### DIRECTIONS FOR THIS TASK
Set down each line of the data exactly, but not the pictures.

### SOURCE DATA
┄┄┄┄┄┄
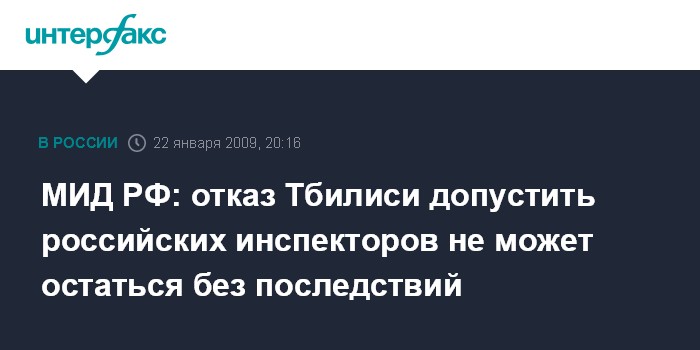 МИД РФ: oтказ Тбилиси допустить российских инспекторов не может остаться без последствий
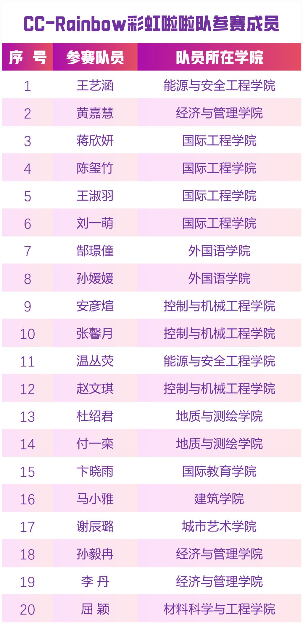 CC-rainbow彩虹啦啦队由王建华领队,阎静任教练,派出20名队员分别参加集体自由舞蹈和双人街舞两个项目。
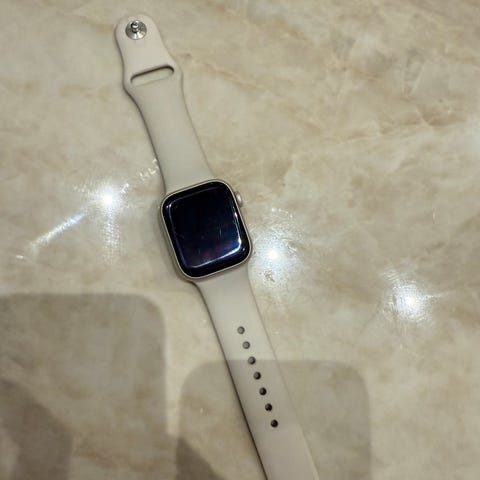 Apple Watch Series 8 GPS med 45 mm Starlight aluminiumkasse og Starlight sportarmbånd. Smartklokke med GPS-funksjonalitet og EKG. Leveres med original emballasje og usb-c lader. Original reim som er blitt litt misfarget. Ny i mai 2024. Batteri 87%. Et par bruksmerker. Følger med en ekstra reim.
┄┄┄┄┄┄
### TASK SOLUTION
 МИД РФ: oтказ Тбилиси допустить российских инспекторов не может остаться без последствий
 CC-rainbow彩虹啦啦队由王建华领队,阎静任教练,派出20名队员分别参加集体自由舞蹈和双人街舞两个项目。
 Apple Watch Series 8 GPS med 45 mm Starlight aluminiumkasse og Starlight sportarmbånd. Smartklokke med GPS-funksjonalitet og EKG. Leveres med original emballasje og usb-c lader. Original reim som er blitt litt misfarget. Ny i mai 2024. Batteri 87%. Et par bruksmerker. Følger med en ekstra reim.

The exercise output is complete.